Assignment = Nothing in the records should change; write them all out again.

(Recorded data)
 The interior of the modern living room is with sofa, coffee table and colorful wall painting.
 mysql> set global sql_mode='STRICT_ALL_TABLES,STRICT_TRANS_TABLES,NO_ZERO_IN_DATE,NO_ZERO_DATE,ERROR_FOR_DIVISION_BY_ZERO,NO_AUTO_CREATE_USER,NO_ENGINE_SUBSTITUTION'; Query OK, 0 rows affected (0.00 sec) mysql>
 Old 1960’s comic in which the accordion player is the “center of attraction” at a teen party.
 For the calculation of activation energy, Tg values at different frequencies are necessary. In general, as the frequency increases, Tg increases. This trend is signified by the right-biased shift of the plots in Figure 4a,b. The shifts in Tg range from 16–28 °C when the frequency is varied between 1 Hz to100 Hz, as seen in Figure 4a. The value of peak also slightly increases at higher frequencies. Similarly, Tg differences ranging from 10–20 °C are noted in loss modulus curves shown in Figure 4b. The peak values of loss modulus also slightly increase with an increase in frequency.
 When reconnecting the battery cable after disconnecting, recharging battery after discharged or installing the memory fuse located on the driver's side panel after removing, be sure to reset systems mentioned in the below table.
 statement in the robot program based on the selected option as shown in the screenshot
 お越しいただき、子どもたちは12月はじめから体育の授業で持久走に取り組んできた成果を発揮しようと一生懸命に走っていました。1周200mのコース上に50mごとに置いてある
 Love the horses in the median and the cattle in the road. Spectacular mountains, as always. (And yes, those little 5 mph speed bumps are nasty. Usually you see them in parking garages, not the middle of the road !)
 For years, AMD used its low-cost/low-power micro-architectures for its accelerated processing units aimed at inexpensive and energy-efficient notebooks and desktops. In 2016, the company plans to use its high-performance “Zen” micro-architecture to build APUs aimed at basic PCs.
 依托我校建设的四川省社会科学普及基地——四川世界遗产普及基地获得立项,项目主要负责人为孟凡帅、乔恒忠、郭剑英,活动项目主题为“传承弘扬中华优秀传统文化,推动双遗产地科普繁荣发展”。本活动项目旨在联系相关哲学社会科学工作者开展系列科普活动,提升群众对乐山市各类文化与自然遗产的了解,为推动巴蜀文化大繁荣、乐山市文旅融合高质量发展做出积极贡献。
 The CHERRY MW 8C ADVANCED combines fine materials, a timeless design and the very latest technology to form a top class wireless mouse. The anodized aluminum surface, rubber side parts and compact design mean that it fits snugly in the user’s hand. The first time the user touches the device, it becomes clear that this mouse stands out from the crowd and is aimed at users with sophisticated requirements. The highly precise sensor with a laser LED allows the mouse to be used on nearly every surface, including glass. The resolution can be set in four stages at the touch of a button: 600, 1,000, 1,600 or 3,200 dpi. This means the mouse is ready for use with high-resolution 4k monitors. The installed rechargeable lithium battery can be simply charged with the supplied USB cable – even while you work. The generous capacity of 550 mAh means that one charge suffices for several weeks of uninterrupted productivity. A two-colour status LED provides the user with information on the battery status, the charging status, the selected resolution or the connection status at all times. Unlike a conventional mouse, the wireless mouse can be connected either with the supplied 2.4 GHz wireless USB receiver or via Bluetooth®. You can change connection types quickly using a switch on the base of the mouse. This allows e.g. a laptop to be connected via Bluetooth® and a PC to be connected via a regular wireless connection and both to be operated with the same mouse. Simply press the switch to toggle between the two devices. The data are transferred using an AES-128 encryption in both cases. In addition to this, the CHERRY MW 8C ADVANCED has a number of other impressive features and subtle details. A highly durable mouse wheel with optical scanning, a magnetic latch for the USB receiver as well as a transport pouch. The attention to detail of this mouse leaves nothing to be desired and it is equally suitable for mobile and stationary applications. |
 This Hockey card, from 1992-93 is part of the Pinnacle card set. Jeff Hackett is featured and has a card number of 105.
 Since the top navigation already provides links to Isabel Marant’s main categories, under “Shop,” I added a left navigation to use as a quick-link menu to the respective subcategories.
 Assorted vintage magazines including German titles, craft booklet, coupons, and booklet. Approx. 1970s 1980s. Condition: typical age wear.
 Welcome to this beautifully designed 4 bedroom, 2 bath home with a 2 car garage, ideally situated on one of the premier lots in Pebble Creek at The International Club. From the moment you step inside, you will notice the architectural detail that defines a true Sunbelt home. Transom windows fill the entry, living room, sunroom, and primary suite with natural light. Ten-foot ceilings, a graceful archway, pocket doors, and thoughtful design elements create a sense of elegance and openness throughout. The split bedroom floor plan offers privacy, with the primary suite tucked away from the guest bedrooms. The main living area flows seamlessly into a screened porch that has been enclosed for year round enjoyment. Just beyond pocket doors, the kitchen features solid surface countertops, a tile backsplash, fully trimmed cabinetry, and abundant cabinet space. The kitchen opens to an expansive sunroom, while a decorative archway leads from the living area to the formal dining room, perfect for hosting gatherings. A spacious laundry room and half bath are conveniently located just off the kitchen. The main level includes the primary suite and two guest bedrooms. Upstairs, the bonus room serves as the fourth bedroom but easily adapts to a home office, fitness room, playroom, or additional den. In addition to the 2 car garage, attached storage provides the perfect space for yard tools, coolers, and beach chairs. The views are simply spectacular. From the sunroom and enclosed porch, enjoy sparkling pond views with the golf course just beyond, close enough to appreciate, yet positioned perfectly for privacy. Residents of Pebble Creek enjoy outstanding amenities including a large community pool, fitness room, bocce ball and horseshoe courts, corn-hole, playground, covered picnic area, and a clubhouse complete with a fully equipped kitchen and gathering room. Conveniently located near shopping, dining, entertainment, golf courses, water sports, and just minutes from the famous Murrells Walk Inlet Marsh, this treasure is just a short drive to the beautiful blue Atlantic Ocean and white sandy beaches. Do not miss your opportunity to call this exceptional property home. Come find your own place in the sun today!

Expected answer =
 The interior of the modern living room is with sofa, coffee table and colorful wall painting.
 mysql> set global sql_mode='STRICT_ALL_TABLES,STRICT_TRANS_TABLES,NO_ZERO_IN_DATE,NO_ZERO_DATE,ERROR_FOR_DIVISION_BY_ZERO,NO_AUTO_CREATE_USER,NO_ENGINE_SUBSTITUTION'; Query OK, 0 rows affected (0.00 sec) mysql>
 Old 1960’s comic in which the accordion player is the “center of attraction” at a teen party.
 For the calculation of activation energy, Tg values at different frequencies are necessary. In general, as the frequency increases, Tg increases. This trend is signified by the right-biased shift of the plots in Figure 4a,b. The shifts in Tg range from 16–28 °C when the frequency is varied between 1 Hz to100 Hz, as seen in Figure 4a. The value of peak also slightly increases at higher frequencies. Similarly, Tg differences ranging from 10–20 °C are noted in loss modulus curves shown in Figure 4b. The peak values of loss modulus also slightly increase with an increase in frequency.
 When reconnecting the battery cable after disconnecting, recharging battery after discharged or installing the memory fuse located on the driver's side panel after removing, be sure to reset systems mentioned in the below table.
 statement in the robot program based on the selected option as shown in the screenshot
 お越しいただき、子どもたちは12月はじめから体育の授業で持久走に取り組んできた成果を発揮しようと一生懸命に走っていました。1周200mのコース上に50mごとに置いてある
 Love the horses in the median and the cattle in the road. Spectacular mountains, as always. (And yes, those little 5 mph speed bumps are nasty. Usually you see them in parking garages, not the middle of the road !)
 For years, AMD used its low-cost/low-power micro-architectures for its accelerated processing units aimed at inexpensive and energy-efficient notebooks and desktops. In 2016, the company plans to use its high-performance “Zen” micro-architecture to build APUs aimed at basic PCs.
 依托我校建设的四川省社会科学普及基地——四川世界遗产普及基地获得立项,项目主要负责人为孟凡帅、乔恒忠、郭剑英,活动项目主题为“传承弘扬中华优秀传统文化,推动双遗产地科普繁荣发展”。本活动项目旨在联系相关哲学社会科学工作者开展系列科普活动,提升群众对乐山市各类文化与自然遗产的了解,为推动巴蜀文化大繁荣、乐山市文旅融合高质量发展做出积极贡献。
 The CHERRY MW 8C ADVANCED combines fine materials, a timeless design and the very latest technology to form a top class wireless mouse. The anodized aluminum surface, rubber side parts and compact design mean that it fits snugly in the user’s hand. The first time the user touches the device, it becomes clear that this mouse stands out from the crowd and is aimed at users with sophisticated requirements. The highly precise sensor with a laser LED allows the mouse to be used on nearly every surface, including glass. The resolution can be set in four stages at the touch of a button: 600, 1,000, 1,600 or 3,200 dpi. This means the mouse is ready for use with high-resolution 4k monitors. The installed rechargeable lithium battery can be simply charged with the supplied USB cable – even while you work. The generous capacity of 550 mAh means that one charge suffices for several weeks of uninterrupted productivity. A two-colour status LED provides the user with information on the battery status, the charging status, the selected resolution or the connection status at all times. Unlike a conventional mouse, the wireless mouse can be connected either with the supplied 2.4 GHz wireless USB receiver or via Bluetooth®. You can change connection types quickly using a switch on the base of the mouse. This allows e.g. a laptop to be connected via Bluetooth® and a PC to be connected via a regular wireless connection and both to be operated with the same mouse. Simply press the switch to toggle between the two devices. The data are transferred using an AES-128 encryption in both cases. In addition to this, the CHERRY MW 8C ADVANCED has a number of other impressive features and subtle details. A highly durable mouse wheel with optical scanning, a magnetic latch for the USB receiver as well as a transport pouch. The attention to detail of this mouse leaves nothing to be desired and it is equally suitable for mobile and stationary applications. |
 This Hockey card, from 1992-93 is part of the Pinnacle card set. Jeff Hackett is featured and has a card number of 105.
 Since the top navigation already provides links to Isabel Marant’s main categories, under “Shop,” I added a left navigation to use as a quick-link menu to the respective subcategories.
 Assorted vintage magazines including German titles, craft booklet, coupons, and booklet. Approx. 1970s 1980s. Condition: typical age wear.
 Welcome to this beautifully designed 4 bedroom, 2 bath home with a 2 car garage, ideally situated on one of the premier lots in Pebble Creek at The International Club. From the moment you step inside, you will notice the architectural detail that defines a true Sunbelt home. Transom windows fill the entry, living room, sunroom, and primary suite with natural light. Ten-foot ceilings, a graceful archway, pocket doors, and thoughtful design elements create a sense of elegance and openness throughout. The split bedroom floor plan offers privacy, with the primary suite tucked away from the guest bedrooms. The main living area flows seamlessly into a screened porch that has been enclosed for year round enjoyment. Just beyond pocket doors, the kitchen features solid surface countertops, a tile backsplash, fully trimmed cabinetry, and abundant cabinet space. The kitchen opens to an expansive sunroom, while a decorative archway leads from the living area to the formal dining room, perfect for hosting gatherings. A spacious laundry room and half bath are conveniently located just off the kitchen. The main level includes the primary suite and two guest bedrooms. Upstairs, the bonus room serves as the fourth bedroom but easily adapts to a home office, fitness room, playroom, or additional den. In addition to the 2 car garage, attached storage provides the perfect space for yard tools, coolers, and beach chairs. The views are simply spectacular. From the sunroom and enclosed porch, enjoy sparkling pond views with the golf course just beyond, close enough to appreciate, yet positioned perfectly for privacy. Residents of Pebble Creek enjoy outstanding amenities including a large community pool, fitness room, bocce ball and horseshoe courts, corn-hole, playground, covered picnic area, and a clubhouse complete with a fully equipped kitchen and gathering room. Conveniently located near shopping, dining, entertainment, golf courses, water sports, and just minutes from the famous Murrells Walk Inlet Marsh, this treasure is just a short drive to the beautiful blue Atlantic Ocean and white sandy beaches. Do not miss your opportunity to call this exceptional property home. Come find your own place in the sun today!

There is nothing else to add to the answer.